How can we interfere with chronic fear and PTSD and learning to inhibit them? This doesn’t mean giving ourselves permanent amnesia but rather an ability to remember the trauma in a way that doesn’t interfere with our daily lives? People that experienced PTSD after a trauma and experience multiple nightmares and memories and flashbacks seem to sensitize the experience (meaning that it seems that every time they have the experience it gets worse and worse). In contrast, people that recover tend to inhibit their fear – an action known as “extinction”. This is a term invented by Pavlov in the late 1800s when he conducted an experiment where he would open a door in order to give food to a dog. The dog would salivate in anticipation. Pavlov did this several times until he eventually only needed to open the door in order to trigger the salvation from the dog. Pavlov also discovered fear conditioning. He repeated the same experiment with an animal where he provided a mild shock at the same time as he rang a bell. After repeating it several times he could induce the stress in the animal just by ringing the bell and not using the shock. He also found that if he exposed the animal to the bell many times without any reinforcement (not using the shock) the animal would eventually lose its fear. Ressler says that the new science is showing us that this is a new “learning” process (meaning that you are not erasing or forgetting the memory but learning to associate the memory with a different scenario). This extinction process caused the fear to diminish with repeated exposure. He says that therapy that has produced the best results for people that have fear disorders and people that have ptsd. 

How does extinction process work? “Fear consolidation” is when a sound, smell, or other trigger is associated with a bad event and has become so closely associated with the bad event that the sound or smell alone will trigger fear. Extinction works by decoupling past bad memories from the trigger that causes us to recall them and, in turn, trigger the fear (fight or flight) response in the amygdala in our brain. If we hear the sound many times without the bad event happening we eventually “learn” that the sound doesn’t automatically mean that the bad event is happening now or is about to happen so the fear response is inhibited.

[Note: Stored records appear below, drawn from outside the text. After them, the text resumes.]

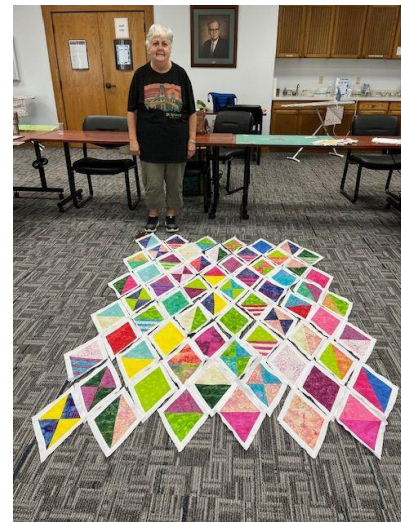
The Winner - Pam Blais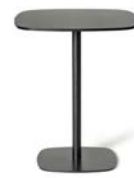
NOBIS Table By Claesson Koivisto Rune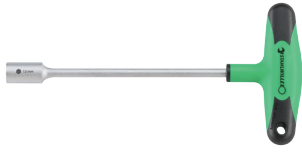
43232130 T-handled nut spinner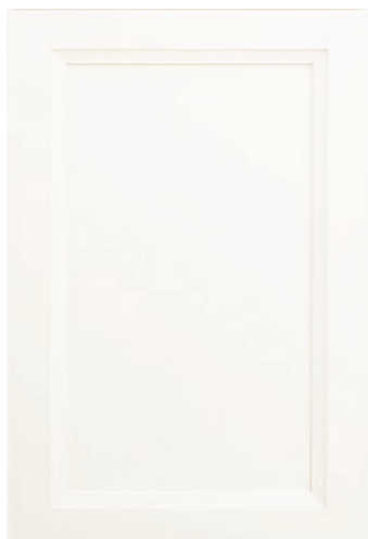
Cabinetry: Cicero Arctic White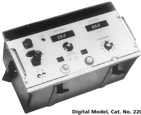
Digital Model, Cat. No. 220070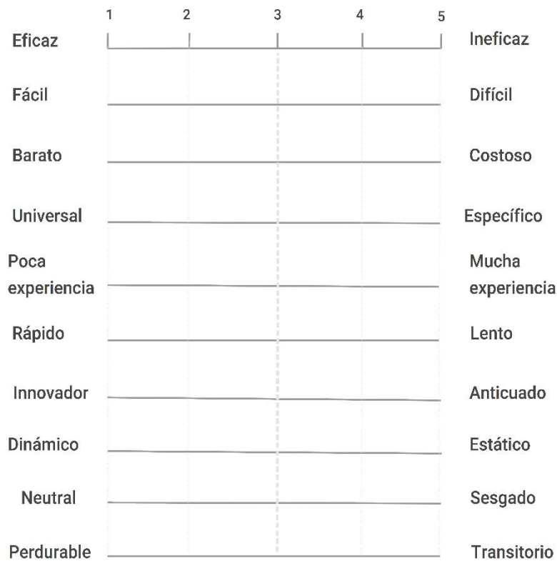
Figure 1. Applied semantic differential.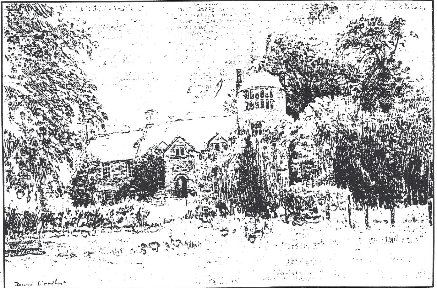
The Palace at Aber

Welsh Society Newsletter - Cylchgrawn Cymraeg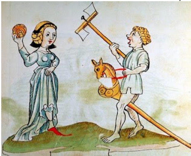
A girl with a ball, and a boy on a hobby horse. 1480's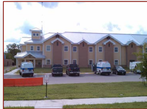
Ajo, Ariz., Border Patrol Station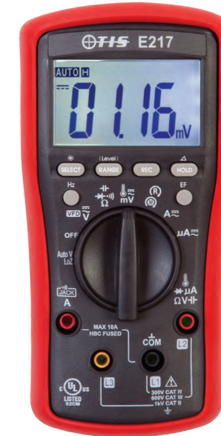
TIS E217 Electrical Multimeter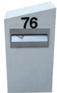
Bahama Rendered Letter Box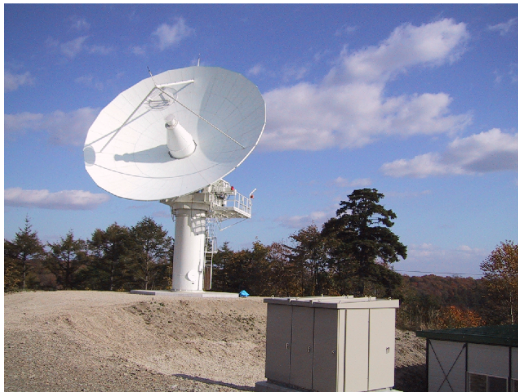
Figure 2. 11-m VLBI antenna at Tomakomai Experimental Forest of the Hokkaido University. The antenna and the VLBI observation facilities were transported from Miura KSP VLBI station in early 2001.

The last VLBI session with the Miura station was carried out on January 4, 2001. The 11-m antenna and the observation facilities of the Miura station were transported to the Tomakomai Experimental Forest of the Hokkaido University after that. The antenna was reconstructed at the new site (Figure 2) and the first successful VLBI observations were performed in November 2001. The 11-m antenna and the observation facilities of the Tateyama station were transported to the campus of Gifu University after the final regular KSP VLBI session on November 30, 2001. The antenna components are now waiting to be reconstructed and the new station is expected to become operational by April 2002.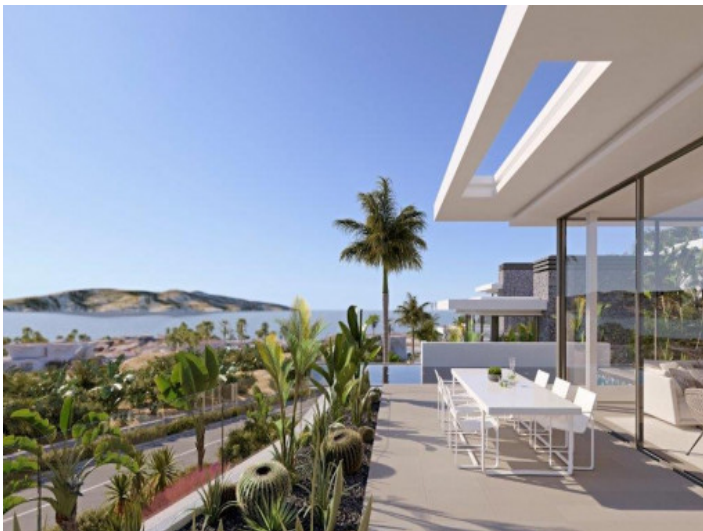
Sunny terrace with outdoor dining area

Ressler says that there was an experiment conducted where people that were afraid of heights were put into a virtual reality environment where they had to go up 19 floors, walk out onto a catwalk, hold onto the bars and look down at the lobby. They got nauseous and started sweating and had to take off the virtual reality helmet. The research showed that after 6-8 sessions (approx 1 hr each with this therapy) their fear diminished significantly. This has been replicated in other experiments relating to social anxiety, obsessive compulsive disorder, ptsd and panic. 

The conclusion to draw from this research is that we can take one big step forward to buy simply understanding the association between certain triggers and the event that is creating fear. If we change the association from something bad to something good we will eventually diminish and possibly eliminate the fear reaction.